Кто-то может мне возразить: к чему, мол, рассказывать о таком незначительном случае? Отвечаю: Как я только что упомянул, лютня в горах встречается очень редко. Сочинение мелодий и игра на музыкальных инструментах кладет на музыканта клеймо позора, это считается пустым развлекательством, ребячеством и возбуждением порочных страстей. Люди гор настолько религиозны, что опасаются всяких чувственных радостей и не хотят учиться пению и игре на музыкальных инструментах. Они не используют их — как это делают священники-иностранцы — в своих храмах и в молитвах, боясь впасть в ересь. По их понятиям, все изящные искусства, как то: поэзия, музыка, живопись — предосудительны. Но если бы они слышали, как упомянутые священники ради привлечения мужчин и женщин поют в церквах или играют на органе те же самые мелодии, которые возбуждают людей в театрах, танцевальных залах и в кафе, то они не сочли бы игру на лютне грехом. Лютня в сравнении с органом все равно, что ветка в сравнении с деревом либо бедро в сравнении с телом. Лютня издает лишь легкий звон, тогда как орган издает и звон, и перезвон, и гудение, и грохот, и треск, и лязг, и чириканье, и бряцание, и громыхание, и бормотание, и ржание, и шипение, и бульканье, и свист, и скрип [...] {37}Разве можно все это сравнить с нежным тин-тин лютни? Говорят, что нежелание играть на ней объясняется ее похожестью на задницу. А что же тогда можно сказать о женщинах, приходящих в церковь с этими рогами на голове, похожими, прости Господи, на свиное рыло? А на что, прости Господи, похоже свиное рыло?

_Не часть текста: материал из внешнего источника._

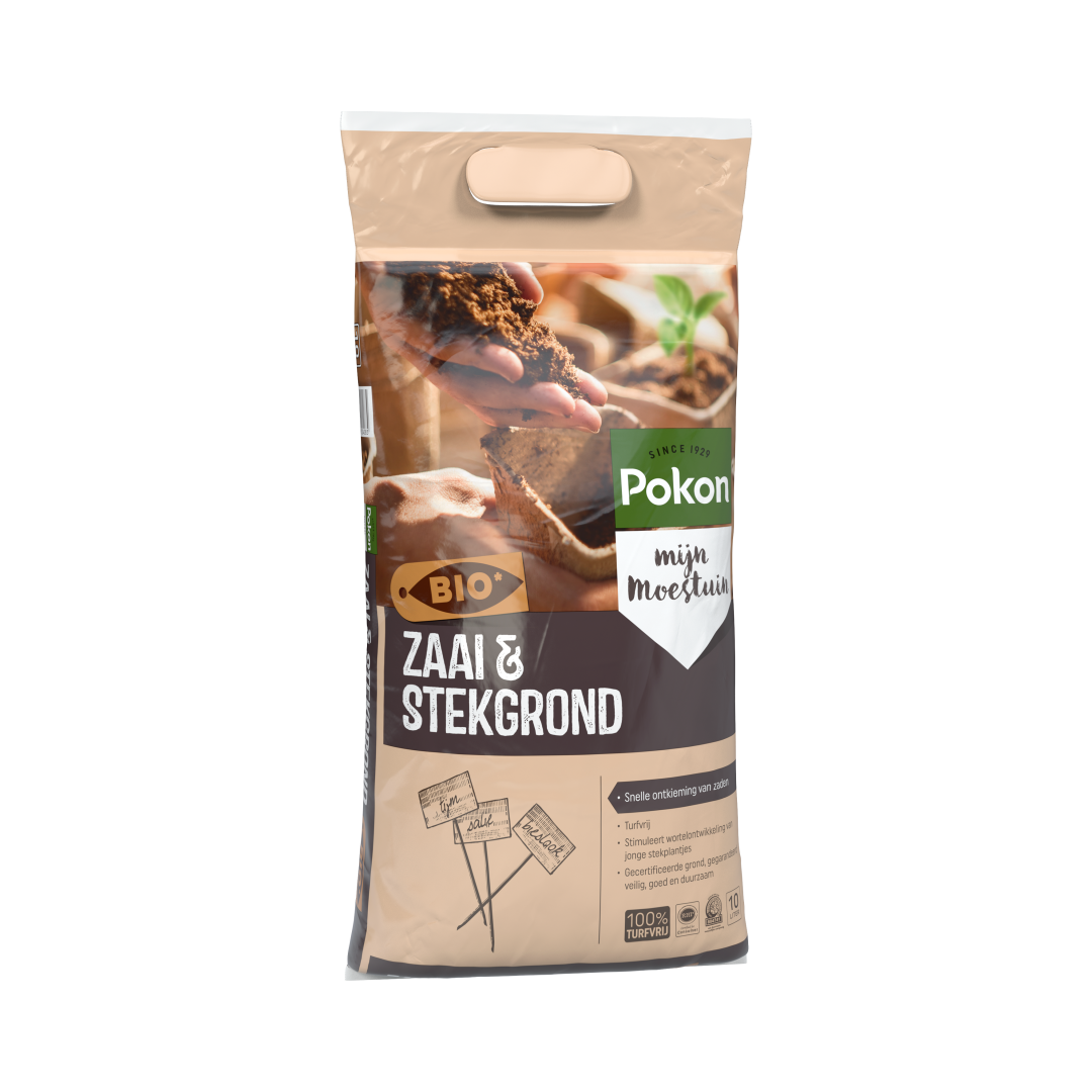 Pokon Bio Zaai & Stekgrond Turfvrij is een biologische, turfvrije potgrond geschikt voor het voorzaaien en stekken van jonge plantjes in bloempotten, kweekpotjes, vensterbankkastjes en tuinkassen. Deze grond heeft een extra fijne structuur. Hierdoor kunnen stekjes goed wortelen en beschadigen de wortels minder snel bij het verplanten. Wij adviseren om voor het stekken van sierplanten en kamerplanten gebruik te maken van Pokon Stekpoeder. In deze potgrond zitten bovendien biologische meststoffen die voor 100 dagen voeding geven. Met Pokon Bio Zaai & Stekgrond ontwikkelen zaailingen en stekjes zich goed, zowel boven- als ondergronds.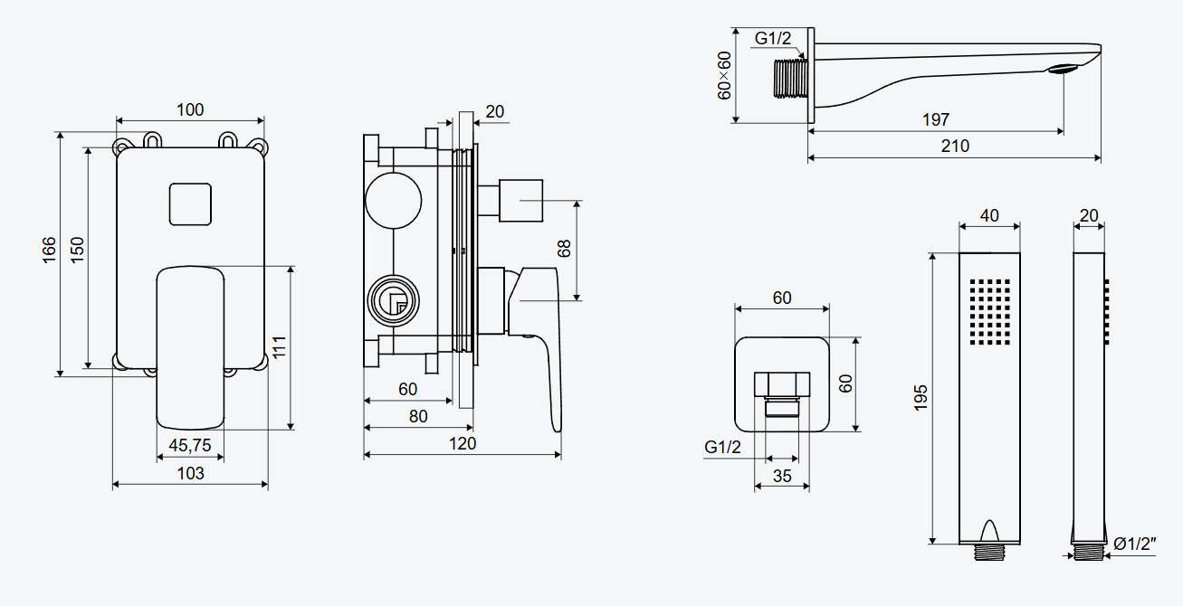 - komplette Badewannenarmatur: Wanneneinlauf, Unterputz-Badewannenarmatur, Handbrause, Handbrausehalter, Brauseschlauch
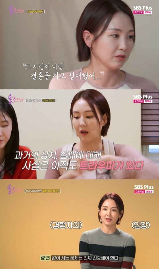 오정연은 13일 방송한 SBS플러스 '솔로라서'에서 "30대 중반 사춘기가 확 왔을 때 우울한 시기를 보낸 후 만난 사람이 있다. 매일 만나고 내 주변인, 가족들과도 친하게 지냈다. 직장인이었는데도 내가 원하면 언제든지 만났다"며 "연애한 지 2년이 다 되어가던 때 그 사람이 나랑 결혼하고 싶어했다. 난 일을 더 하고 싶어서 결혼 시기 이견이 안 좁혀졌다. 내 선택에 후회는 없다. 결혼하지 않고 한 일들에서 오는 즐거움도 컸다"고 털어놨다.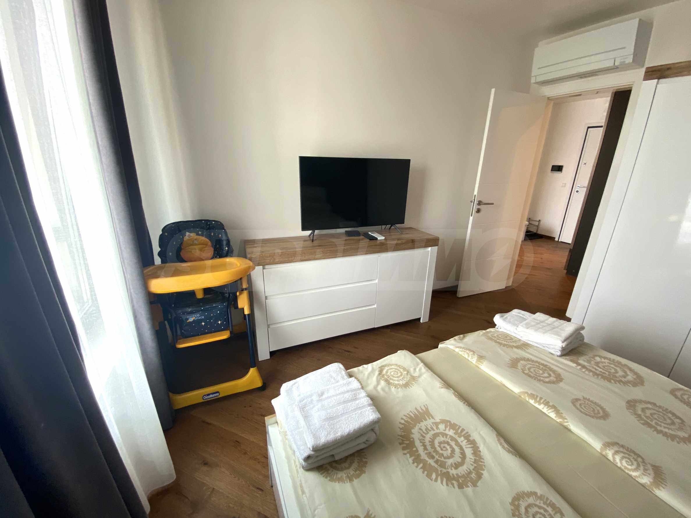 We present a stylish three-room apartment in a modern building, in the Chaika district of the city of Varna.
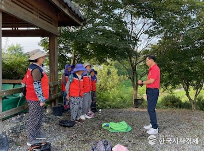 한국시사경제 김태훈 기자 | 강희천 금성면장은 8월 28일 파초2리 마을회관 일원에서 노인일자리 현장 안전 수칙 안내에 나섰다.
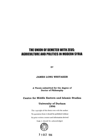 The union of Demeter with Zeus : agriculture and politics in modern Syria.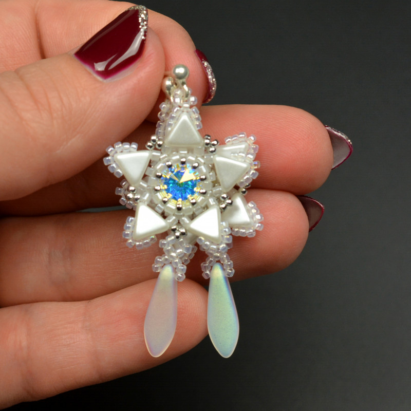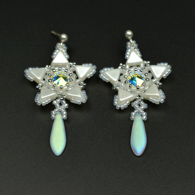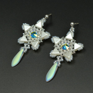 Ich serce stanowią kryształy Swarovskiego w kolorze crystal AB, które oplotłam najwyższej jakości japońskimi koralikami Miyuki, Toho i francuskimi Kheops par Puca, wszystko to w kolorze perłowej bieli złamanej jasnym srebrem. Poniżej wyplatanych gwiazd zawiesiłam matowe czeskie groty z efektem opalizacji.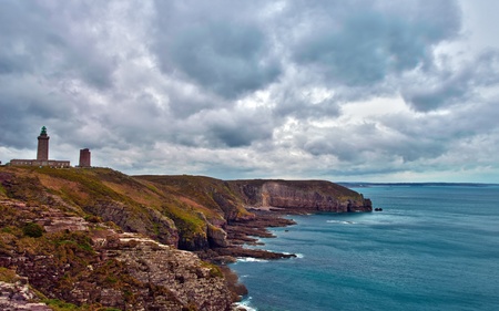Seashore with cliffs, before storm.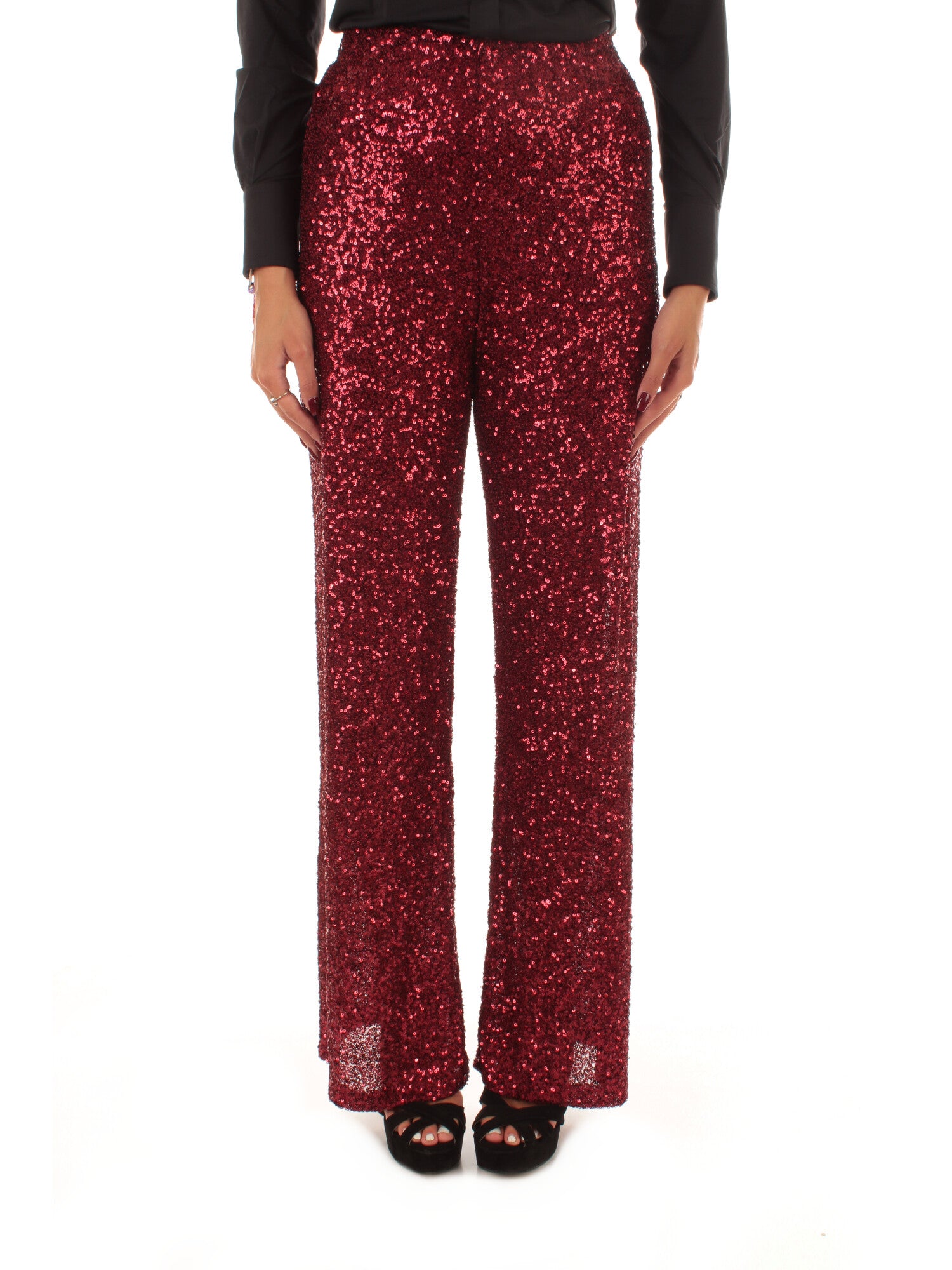 Pantalone a palazzo in full paillettes con banda elastico in vita. Altezza modella: 172 cm. Taglia indossata: S. 95% poliestere, 5% elastan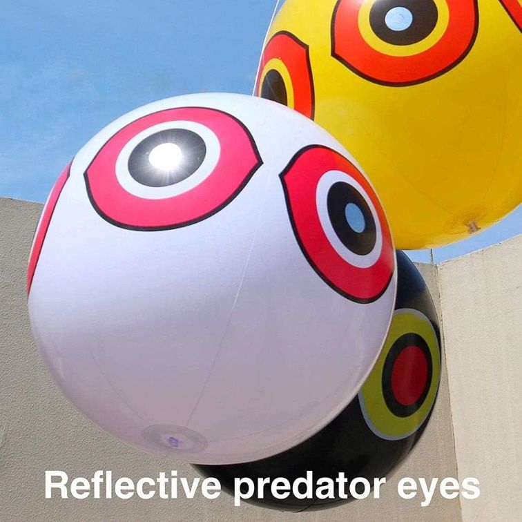 Vogels zien in de Bird scare eye opblaasballon de dreigende ogen van een roofdier. Ze herkennen er ook de opengesperde bek van een andere roofvogel in.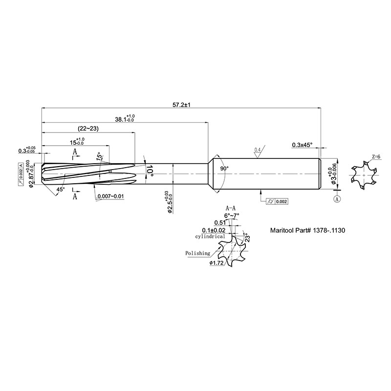 Cutting Diameter Tolerance:  -.0000/+.00012

Надеюсь, тебе ясно, что твои возражения не принимаются и что рассказ о лютне был вполне к месту. А возражал ты просто из упрямства, из желания приписать мне ошибку и безосновательно придраться ко мне. Тебе хотелось показать всем, как ловко ты раскритиковал меня, и заставить отказаться от завершения этой книги. Но клянусь жизнью, если бы ты знал, что я задумал ее с целью развеять твою печаль и позабавить тебя, то не стал бы ни в чем меня упрекать. Так, сделай, ради Господа, милость, потерпи, пока я закончу прясть нить своего повествования, а после этого можешь делать с моей книгой все, что взбредет тебе на ум: бросай ее хоть в огонь, хоть в воду.
А сейчас вернемся к ал-Фарйаку и скажем, что он жил с матерью в их доме и занимался переписыванием. В скором времени из Дамаска пришло известие о смерти отца, отчего сердце ал-Фарйака чуть не разорвалось, и он подумал, что лучше бы лютня оставалась у того, кто ее украл. Мать не выходила из своей комнаты, горько оплакивая мужа — слезы ее не высыхали. Она принадлежала к числу любящих и преданных жен и искренне горевала о своем супруге. И не хотела, чтобы сын видел ее плачущей и тоже ударился бы в слезы. Но ал-Фарйак знал, что она плачет и оплакивал ее тоску и одиночество, а когда она выходила из своей комнаты, утирал слезы и делал вид, что занят переписыванием или еще чем-нибудь. Он тогда уже понял, что у него нет, помимо Господа, другого прибежища, кроме работы, и постоянно корпел над рукописями. Однако с той поры, как Господь создал калам, эта профессия не может обеспечить занимающемуся ею достойное существование, особенно в стране, где за кыршем {38}гоняются, а динару поклоняются. И все же понимание этого улучшило его почерк и заострило его ум.